Breton and Bardeen were able to push the gold metal dot into the silicon and create a small magnification by circulating it in filtered water. Replacing silicon with germanium improved multiplication. But only for low-frequency currents. On December 16, Bratten devised a method of joining two gold leaf contacts together on a germanium surface. Bratten declared: "Using this double-point contact, 90 volts were anodized on a germanium surface, washed with electrolyte H2O, and some gold spots evaporated on it. The gold contacts were pressed neatly on the bare surface. Also used flat. The phase dependence (DC) must be positive to obtain the multiplication.
According to Bardeen, "Preliminary tests with gold suggested that holes be introduced into the germanium block immediately and that the concentration of holes near the surface is increased. The names of the emitter and collector were chosen to describe this event. After suggesting that electrons were being compensated for and suggested junction transistor geometry, subsequent experiments showed that both Protein and I showed that could occur in point-contact transistors. On December 23, 1947, Walter Bratten, John Bardeen and William B. Shockley first commissioned their colleagues at the Bell Labs. The transistor, which amplifies signals and supports the processing of digital information, has become a "major operator of modern electronics". All three were awarded the 1956 Nobel Prize in Physics for their "research on semiconductors and their discovery of the transistor effect".
The 1947 demonstration was a major breakthrough. Bell Labs is now actively focusing on what is known as the Surface Levels Project. Initially, strict secrecy was observed. The carefully forbidden internal conferences at Bell Labs shared information about the work of Brattain, Bardin, Shockley and others involved in related research. Ralph Bray and Seymour Benser, who studied opposition in German at the University of Burdock, were concerned about whether a similar discovery could be made before Bell Labs. On June 30, 1948, Bell Labs held a press conference to publicize its findings. They also adopted the open policy of freely sharing new knowledge with other organizations. In doing so, they avoided classifying the work as a military secret. And made possible the extensive research and development of transistor technology. Bell Labs has organized several symposia open to university, industry and military participants. They were attended by hundreds of scientists in September 1951, April 1952 and 1956. Representatives of international and domestic organizations attended.

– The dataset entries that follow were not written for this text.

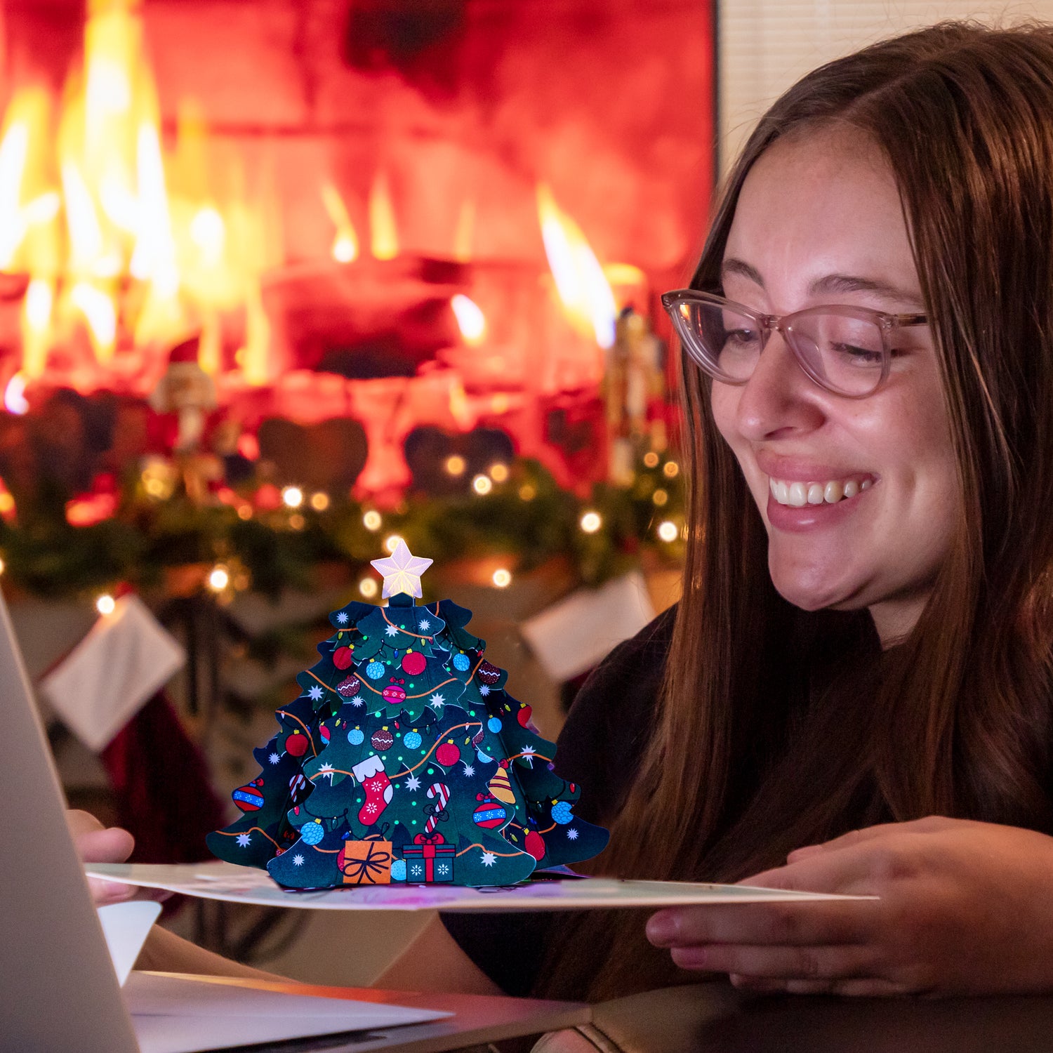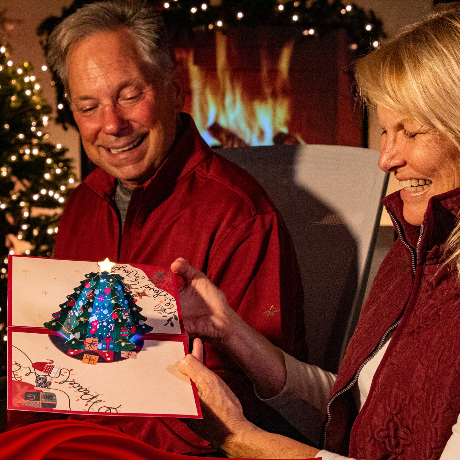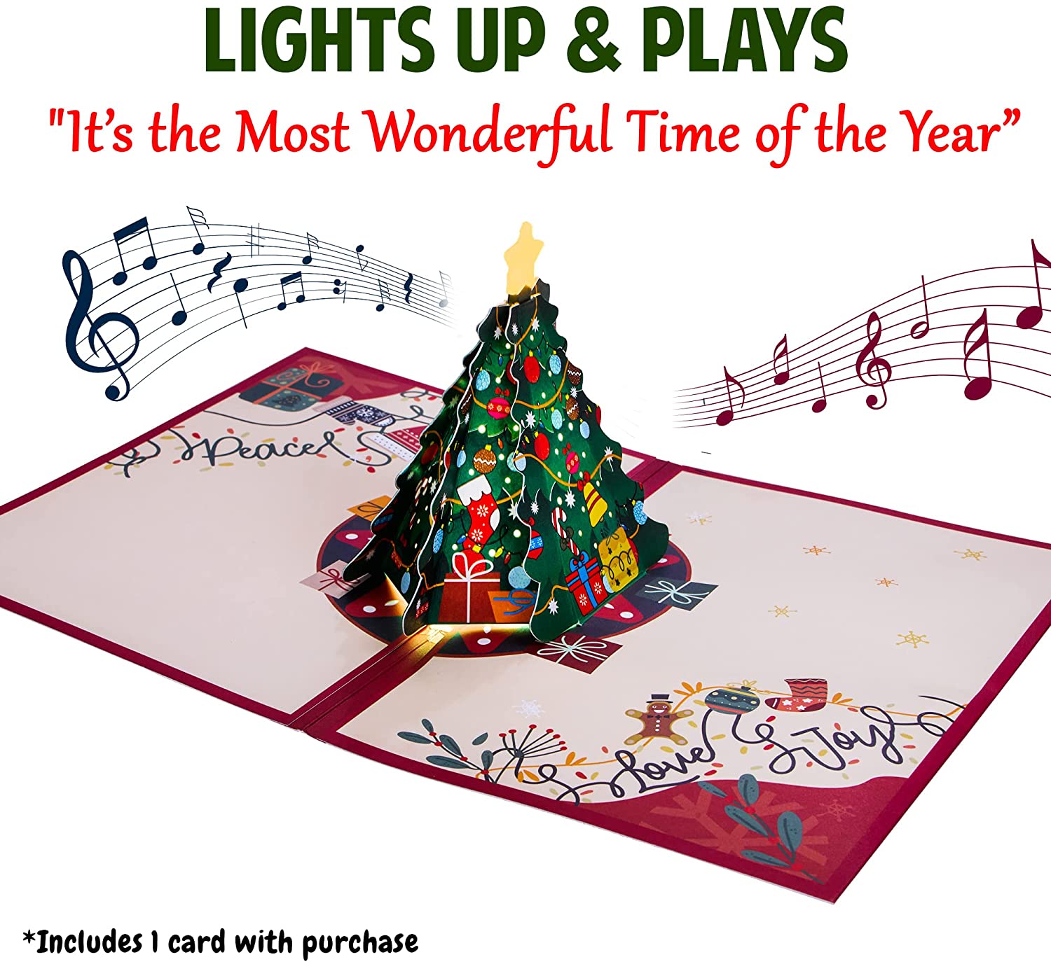 Our stunning Christmas popup cards let you gift the joy of Christmas to your loved ones with festive lights & music. Imagine the smile on their face when they open your colorful Christmas Tree card and it pops up to play “It's the Most Wonderful Time of the Year” as the lights dance in sync! - (Each purchase includes ONE of our magical Musical Christmas Cards)
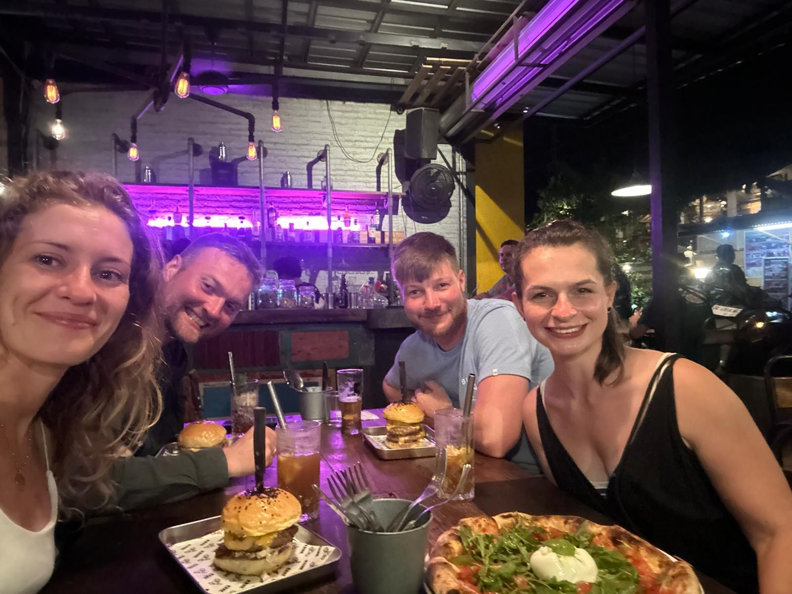 Ach, und einer der extrem positiven Nebeneffekte beim Surfen ist, dass man oftmals auf Gleichgesinnte trifft. Patty hat so jeweils an unterschiedlichen Tagen die Bekanntschaft mit Kinga, Micha, Evelyn, Alex, Julia und Jeroen gemacht. Mit Evelyn hat sich Patty dann mehrfach zum Yoga und zu einer Kakao-Zeremonie getroffen. Was zum Teufel das ist? Die Auflösung folgt unten! Mit dem super lustigen Paar Alex und Julia haben wir zudem unsere letzten Abende bei Abendessen und Bier verbracht, um das Surfen mental vor- und nachzubereiten. All diese Begegnungen haben wieder gezeigt, wie schön das Reisen sein kann, wenn man auf Menschen trifft, mit denen man auf einer Wellenlänge (hehe) ist.
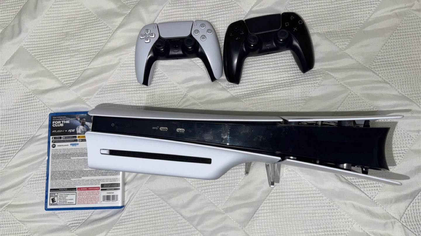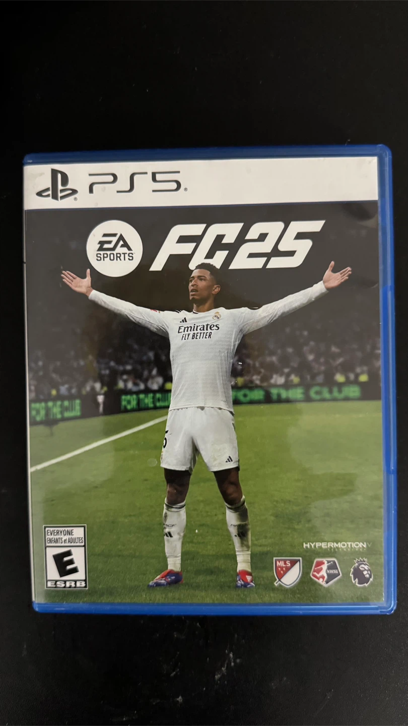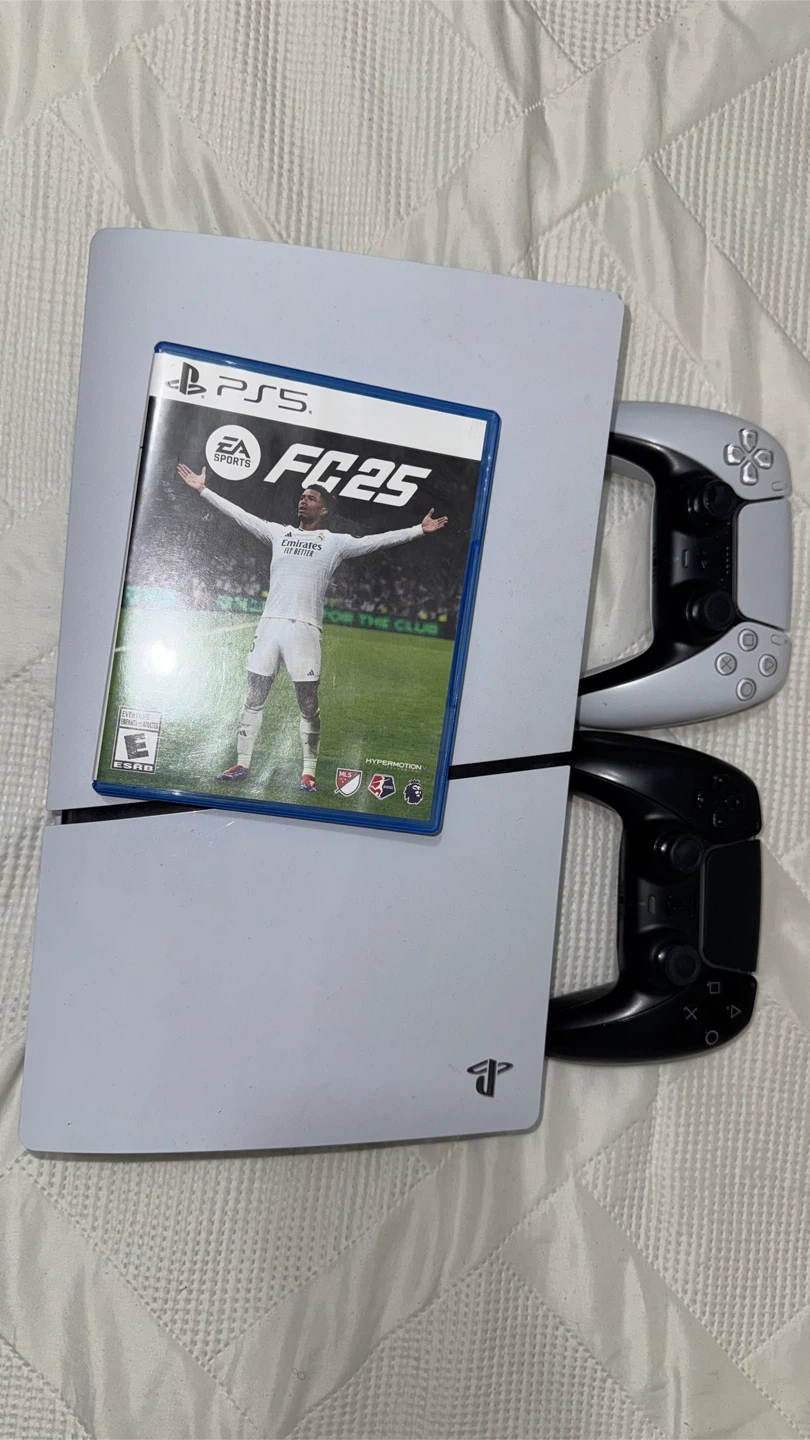 Selling a PlayStation 5 console along with the FC25 game. It comes with two controllers, one white and one black. Perfect for gaming!

Bratten emigrated to Seattle in the 1970s. Shockley believed that he should have all the credit for inventing the transistor and that Brattain devoted most of his life to the study of surface electronics. Walter Hawser Bratten, the winner of the Nobel Prize for his invention of the point-transistor transistor, died of Alzheimer's disease on October 13, 1987, in Washington, DC. He was buried in Pomeroy City Cemetery, Washington.
Source By: Wikipedia
Information: Ramesh, Assistant Professor of Physics, Nehru Memorial College, Puthanampatti, Trichy.